José Planes (1891–1974) came from a family of farmers. Inspired by the figurines in Christmas crèches in the Murcia region of Spain, he had worked in clay since a very young age. Planes apprenticed in the studio of Anastasio Martínez and completed his art training in Valencia and Madrid. He executed a number of busts of women during his youth, including one of his mother that won the first prize at the Murcia Circle of Fine Art when he was 20. His career as a sculptor really took off when his pieces were noticed at an exhibition at the Ateneo. In 1927, Planes moved to Madrid in order to partake of the art trends of his times. Six years later, he established a fine crafts school when he returned to Murcia.
Artwork description
The bust of Isabella the Catholic is installed in Parc Sir-Wilfrid-Laurier, facing Avenue Christophe-Colomb. The consul general of Spain gave this artwork to the Ville de Montréal, on behalf of the Institute of Hispanic Culture in Madrid, on the occasion of the 467th anniversary of Columbus’s “discovery” of America.
In this bronze, the queen wears the royal insignia: the crown, the cross in the shell of the Order of Santiago, and the cross decorated with fleurs-de-lis of the Order of Calatrava. The bust has a Gothic feel due to the headwear and the clothing, perhaps because the sculptor, José Planes, turned to the production of religious images after the Spanish Civil War.
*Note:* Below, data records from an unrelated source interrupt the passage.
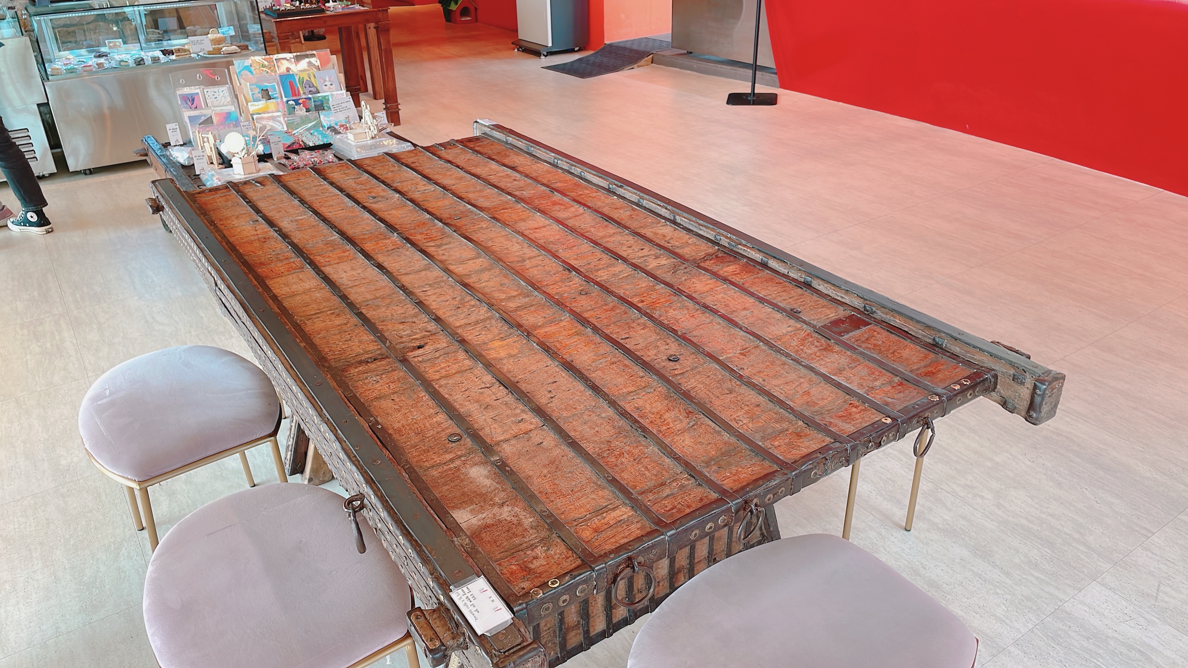 테이블이 오래된 유럽 성에 있던 문을 하나 뜯어온 듯한 모양입니다!
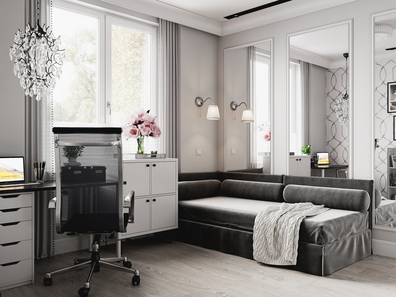Фотография: Кабинет в стиле Классический, Кухня и столовая, Ванная, Гостиная, Детская, Балкон, Квартира, Белый, Проект недели, Черный, 2 комнаты, ПРЕМИЯ INMYROOM – фото на INMYROOM
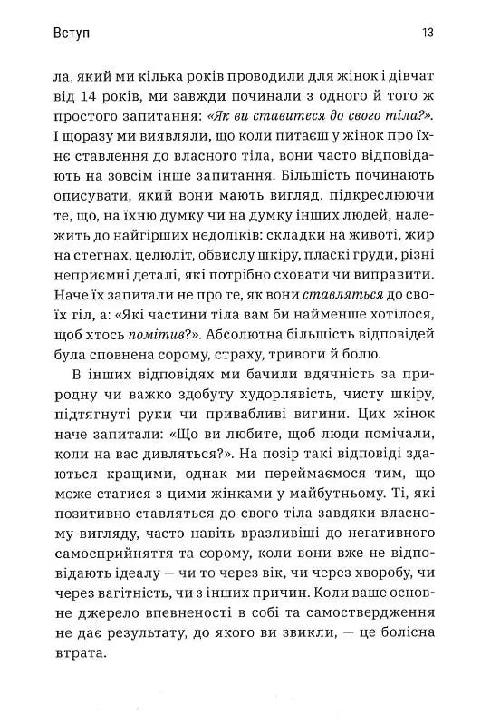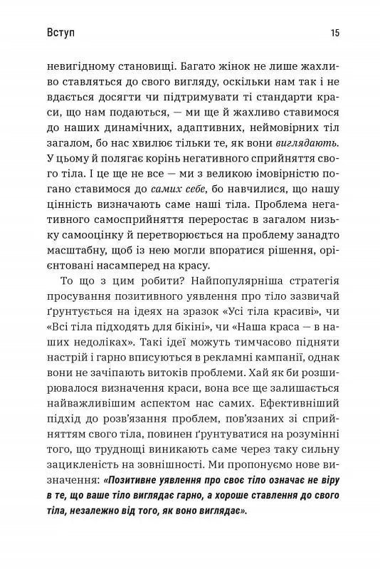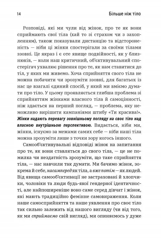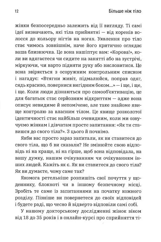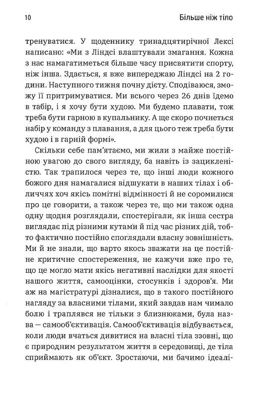 Позитивне уявлення про своє тіло — це не віра в те, що ваше тіло гарне, а хороше ставлення до нього незалежно від його вигляду. Наш одержимий красою світ всіляко просуває ідею, що щастя, здоров’я й те, як ставитимуться до вас люди, залежить від нашої зовнішності. Але сестри-близнючки, докторки Лексі та Ліндсі Кайт, пропонують альтернативне бачення. У своїй книзі «Більше ніж тіло. Ваше тіло — знаряддя, а не прикраса» авторки діляться потужними практичними порадами, які виходять за рамки «бодипозитиву», детально аналізуючи різноманітні фактори впливу: від медіаспоживання до здоров’я і фітнесу, саморефлексії та співчуття до себе. Сестри Кайт демонструють, наскільки згубним може бути вплив самооб’єктивації на наше повсякденне життя. Це ідеальна книжка для тих, хто хоче змінити своє самосприйняття, але не знає, з чого почати.

On the iconographic level, the sculptor seems to have been inspired by the portrait of Isabella painted by the Spanish artist Luis de Madrazo in the nineteenth century. The queen’s gaze is piercing, determined, and fixed on the horizon, as if she could glimpse the shores of the New World as she spoke with her acolyte, Columbus. In the treatment of the lines and texture of the bust can be seen the influence on Planes’s work of the French sculptor Auguste Rodin.